Volleyball

Moculescu bringt den Volleys die Ordnung zurück

Der neue Trainer weiß aber auch, woran noch zu arbeiten ist.

Das Geschehen stets im Blick: Volleys-Trainer Stelian Moculescu.

Das Geschehen stets im Blick: Volleys-Trainer Stelian Moculescu.

Foto: nph / Kurth / picture alliance / nordphoto

BERLIN.  Er kann es noch. Nach einer Pause von anderthalb Jahren hat Stelian Moculescu am Mittwochabend eindrucksvoll bewiesen, dass 40 Jahre Trainererfahrung nicht so leicht von der Hand zu weisen sind. „Einige meinen vielleicht, wir alten Trainer werden deppert, wenn wir über 60 Jahre alt sind, aber wir sind in der Birne noch ganz klar“, sagte der 67-Jährige nach seinem ersten Spiel als Trainer der BR Volleys. Bei seinem Debüt in Berlin zeigte der Rumäne gleich mehrere Gründe auf, wegen der Geschäftsführer Kaweh Niroomand ihn zum Hauptstadtklub geholt hat: Mit seinen 1,93 Metern ist Moculescu in dem eleganten schwarzen Anzug, den er bei offiziellen Spielen trägt, eine Autorität einflößende Erscheinung. Seine Kleidung ist dabei allerdings weniger relevant als seine Haltung, die den Spielern signalisiert: „Jetzt habe ich das Sagen.“ Von mangelnder Hierarchie und Ordnung, die Niroomand zuletzt unter Trainer Luke Reynolds kritisiert hatte, war beim Champions-League-Spiel gegen Kasan nichts zu spüren. Jüngere wie erfahrene Spieler suchten gleichermaßen seinen Blickkontakt und ließen sich von ihm durch die Partie leiten.

Gegen Frankfurt soll nun Platz zwei gesichert werden

Mit einer ausgewogenen Mischung aus Gelassenheit und Strenge navigierte Moculescu das Team sicherlich noch nicht perfekt, aber doch sehr vielversprechend durch den Abend. „Ich habe mich sehr wohl gefühlt, ich denke, das haben die Jungs auch gemerkt“, sagte er. Für das Ligaspiel an diesem Sonnabend gegen die United Volleys (18.30 Uhr, Schmelinghalle) hat er aber noch Verbesserungspotenzial ausgemacht. „Das Erste, an dem wir arbeiten müssen, ist die Annahme. Dann kommt der Aufschlag. Ich möchte, dass die Jungs ein bisschen mehr Risiko nehmen und lernen, dass Fehler nicht bestraft werden.“

Damit verfolgt er ein ähnliches Konzept wie Bundestrainer Andrea Giani, der auch gern aggressiven Volleyball spielen lässt, während Vital Heynen, Moculescus Nachfolger beim VfB Friedrichshafen, mit einer Fehlervermeidungs-Strategie Erfolg sucht. Heynen steht mit seiner Philosophie derzeit an der Spitze der Bundesliga, die BR Volleys wollen sich nun mit einem Sieg gegen die Frankfurter Platz zwei als Ausgangspunkt für das Play-off sichern.

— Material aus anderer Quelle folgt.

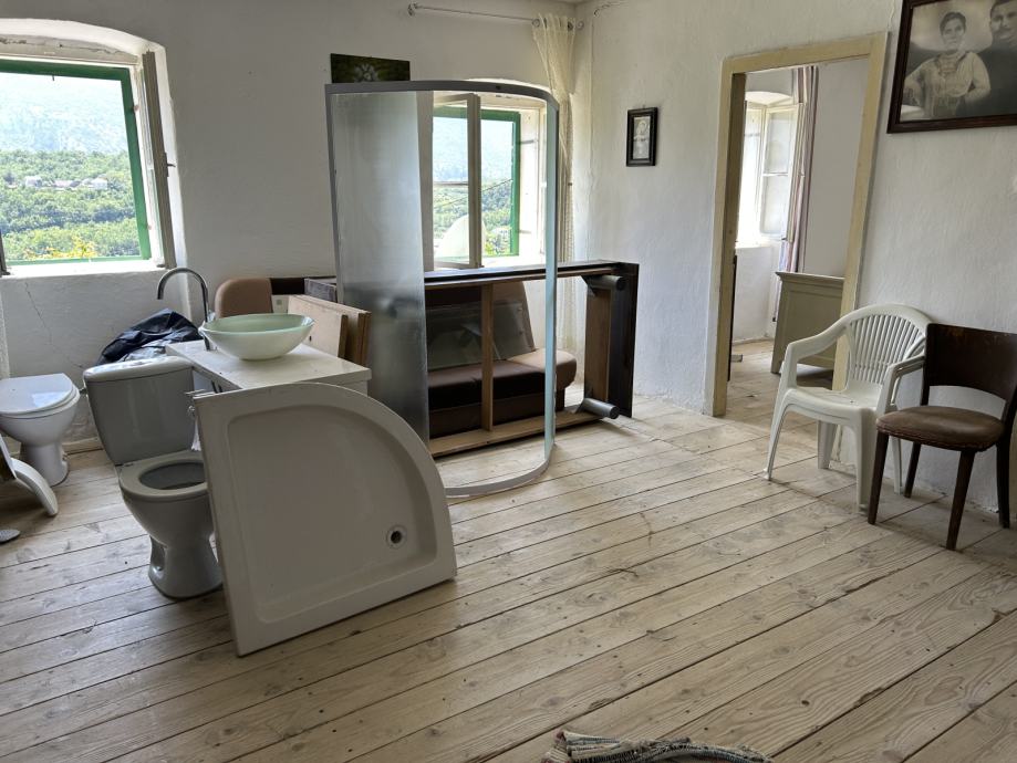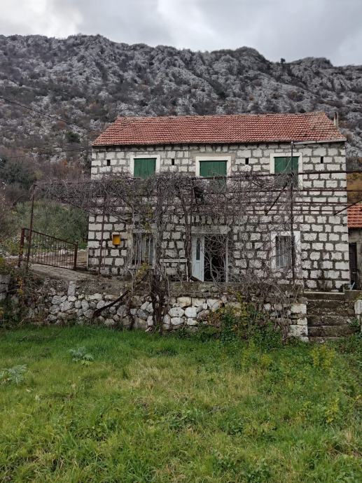 Predivna kamena Splitsko-Dalmatinska kuca na vrhu brdica s pogledom na cjelo selo. Idealno za familiarno življenje ili za seoski turizam s 1000 kvadrata okućnice. Sve 1/1. Uredni vlasnički list. Dovoljno mjesta za bazen i ostale aktivnosti na kaskade polja. Prvi susjed pet minuta hoda udaljen. Dovoljno privatnosti ako hoćete bilo koji business da napravite jer je idealna lokacija. Plaža Omis je 15 minuta udaljena do Splita je 25 minuta.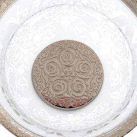 Комплект воспринимается как универсальный элемент сервировки, подходящий как для камерных встреч, так и для торжественных случаев. Он органично вписывается в интерьер, не перегружая его, а дополняя тонкой графикой орнамента. Это предмет, в котором внимание к деталям и аккуратность исполнения создают ощущение продуманной и эстетически выверенной подачи.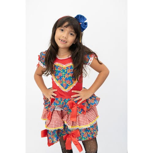 A saia rodada em camadas é composta por tecido vermelho quadriculado e estampas floridas, adicionando um toque vibrante ao visual. Além disso, o vestido é adornado com lindos laços em cetim, fixos pelo vestido.
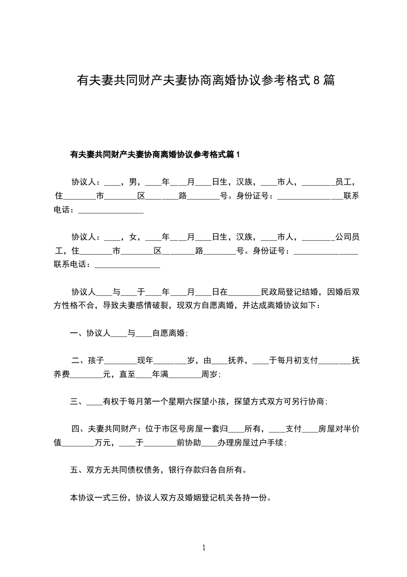 夫妻协商协议离婚范本参考格式篇8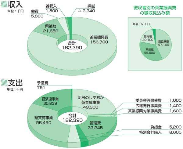 平成22年度の茶業会議所一般会計予算額は、茶業振興費や県補助金などを合わせ 1億8,239万円となります。 |
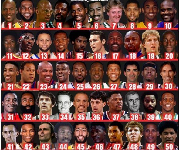 NBA历史一共70多年,这其中诞生了很多超级巨星,但同时这些超级巨星的排名也有较大出入。特别是每年季后赛夺冠的球星的历史地位肯定不一样,有点球星一冠封神,因为夺冠而大幅提升历史地位。美媒重新排名NBA历史前50大巨星,詹姆斯第二名,库里力压杜兰特,哈登威少保罗齐齐上榜,现役联盟这些球星他们都排名第几呢?(美媒榜单截图在最后一张,为了方便球迷清楚头像和排名,文章详细列出排名序列)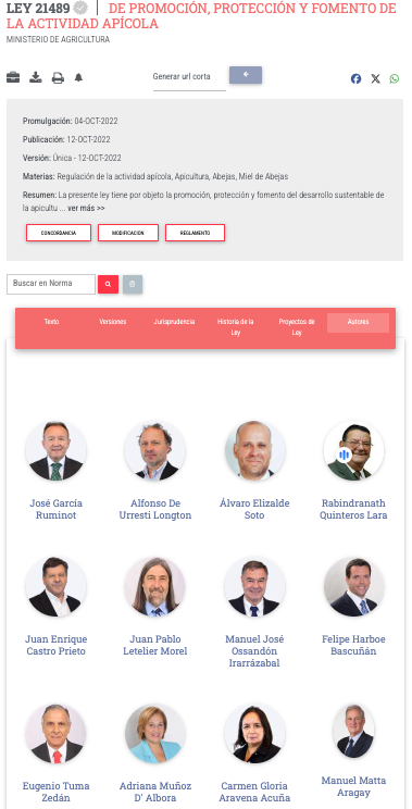 Como se aprecia en las dos capturas a continuación, en la Ley de protección y fomento de la actividad apícola, el candidato republicano aparece —tanto con nombre como con fotografía— entre los autores, así como también en la historia de la ley.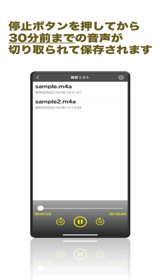 パワハラ・セクハラが発生してから、落ち着いて録音ボタンを押すと、それまでの30分間にあたる長さの録音データだけが保存されます。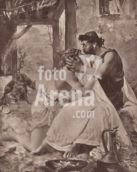 alb15865732 Photo reproduction of the painting 'Télémaque retrouvant Ulysse' by Georges Truffaut, Télémaque retrouvant Ulysse (title on object), Adolphe Braun & Cie., Goupil & Cie., after painting by: Georges Truffaut, c. 1878 - in or before 1883, paper, height 244 mm × width 192 mm, photomechanical print.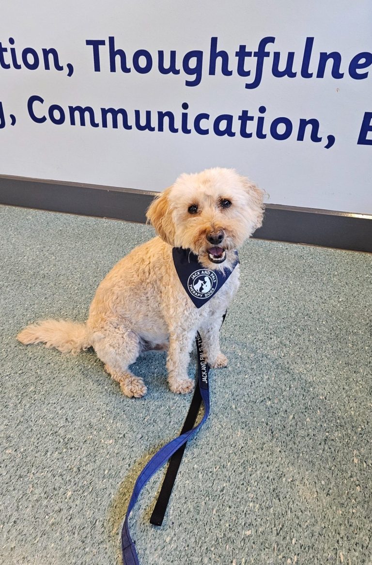 Our therapy dogs are friendly and calm and support pupils and students so they can interact together.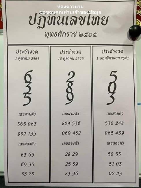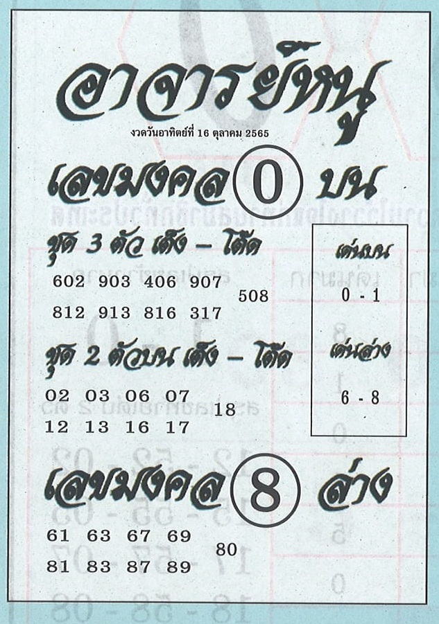 แนวทางหวยรัฐบาลไทย งวดวันที่ 16ตุลาคม 2565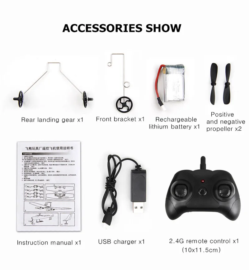 1 x RC самолет1x3,7 V 300mAh литий-полимерный Батарея (встроенный)1 х пульт дистанционного управления1 зарядное устройство USB1 х руководство на английском языке(Не содержит клея)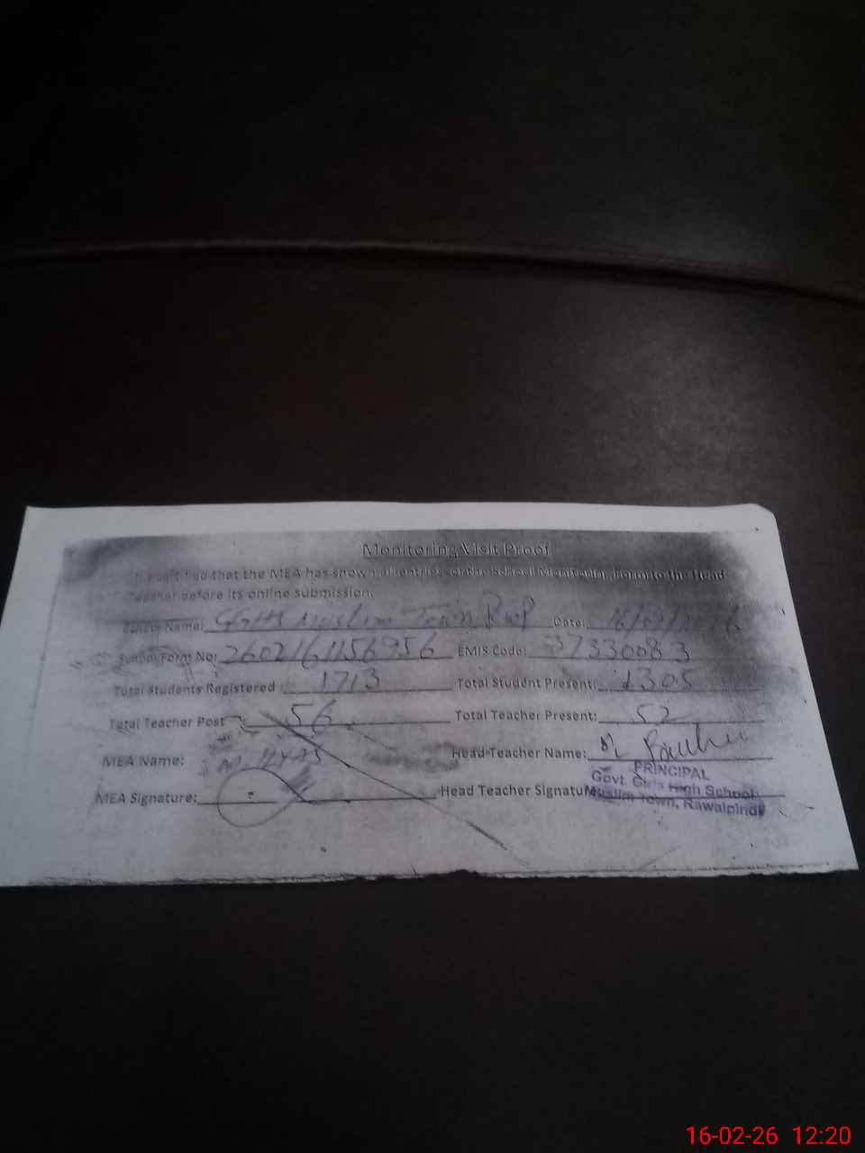 | Name: MR**** Fa**** Designation: (School Headmaster's/Headmistress's) Ic Incharge Phone/Cell Number: 03**** |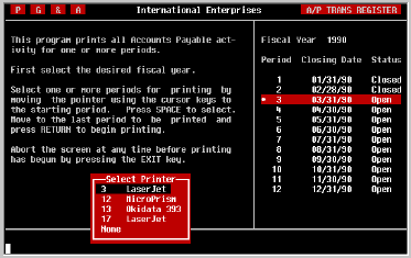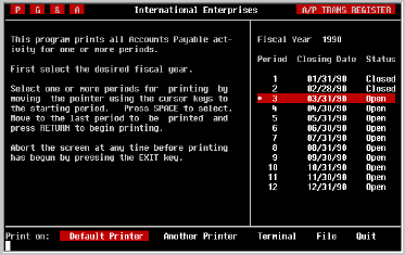 | Default | As you can see, there are several choices. If a default printer was defined in the Accounts Payable Parameters screen, the first option will be Default Printer and the second will be Another Printer. To select the default printer, press [RETURN] because this option was already highlighted when the menu appeared. |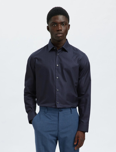 Denna långärmade skjorta är tillverkad för en mjuk känsla och är ett mångsidigt tillskott till varje garderob. Den har en knappstängning fram, knäppta manschetter och en rundad fåll för en förfinad silhuett. Den smala passformen gör den idealisk för både affärs- och formella tillfällen.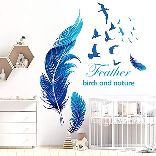 YXHZVON Stickers Muraux Plume Bleu, 129x81cm Grand Autocolla...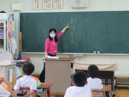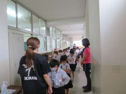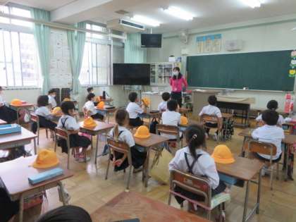まずは、各教室ごとに「おはしも」(押さない)(走らない)(しゃべらない)(戻らない)の合言葉から避難時の注意について指導しました。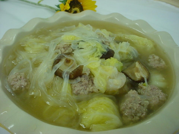 我喜欢清淡口味的菜,每次烧菜时盘里放少许盐,以下照片是我烧菜时手忙脚乱摄下来的.白菜粉条肉圆汤f1ay4l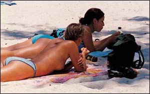 烈日炎炎,墨镜是保护眼睛不受强烈日光侵害的必需品。墨镜的颜色、样式五花八门。从样式上说,为了便于携带,应该选择重量轻、不怕摔的树脂或者其他合成材料的运动镜,最好是眼镜腿配有带子的那种;海边的日光强烈,所以应该选择颜色较深的茶色、绿色镜;UV镜可以防紫外线、偏振镜则可以过滤掉光线中的杂波,让眼前的景物更加清澈。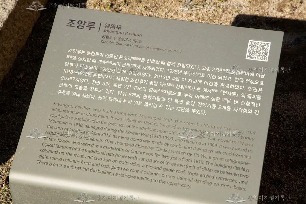 봉의동 강원특별자치도청 내 조양루의 사진이다. 조양루는 춘천관아 건물인 문소각(聞韶閣)을 신축할 때 함께 건립되었다. 고종 27년인 1890년 춘천관아에 이궁(離宮)을 설치할 때 개축(改築)되어 문루(門樓)로 사용되었다. 1938년 우두산으로 이전 되었고, 한국전쟁으로 일부가 파손되어 1969년 크게 수리하였다. 2013년 4월 현재 위치로 이전을 완료하였다. 현판은 1818~1819년 춘천부사로 재임한 조선후기 명필 자하(紫霞) 신위(申緯)가 쓴 해서천자문의 글씨를 집자(集字)하여 복각하였다. 정면 3칸, 측면 2칸 규모의 팔작지붕으로 누각 아래에 삼문을 낸 전형적인 문루의 모습을 갖추고 있다. 앞뒤 8개의 원형기둥과 양 측면 중앙 원형기둥 2개를 사각형의 긴 주춧돌 위에 세웠다. 뒷면 좌측에 누각 위로 올라갈 수 있는 계단을 두었다.

Der Trainerwechsel war auch für die Spieler ein Schock

Paul Carroll ist optimistisch: „Wenn wir den Killerinstinkt haben wie im dritten und vierten Satz gegen Kasan, werden wir definitiv gewinnen.“ In den Augen des Australiers blitzt wieder der Siegeswille, den er im bisherigen Saisonverlauf ab und an vermissen ließ. „Der Trainerwechsel war ein Schock für uns“, erklärt Carroll. Für seinen Landsmann Reynolds empfindet er tiefes Mitgefühl. „Er hat so hart für uns gearbeitet und alles gegeben“, sagt er. „Wir als Spieler haben die Leistung nicht gebracht. Wir mussten aufwachen, und dieser Schock, den der Trainerwechsel mit sich brachte, ist vielleicht genau das, was wir brauchten.“

Ein weiterer Aspekt, den Niroomand gern gesehen hat, war Moculescus Wechselstrategie. In der entscheidenden Phase des vierten Satzes brachte er den erst 18 Jahre alten Linus Weber, darüber hinaus kamen fast alle Ersatzspieler zum Einsatz. „Er hat das Potenzial auf der Bank gut ausgenutzt“, sagt Niroomand. Zuletzt war das Team unter Reynolds in eine erste und zweite Mannschaft zerfallen. „Wir wollen wieder mehr Zusammengehörigkeit und die kriegst du nur, wenn die Leute, die draußen stehen auch merken, dass sie gebraucht werden“, sagt Niroomand.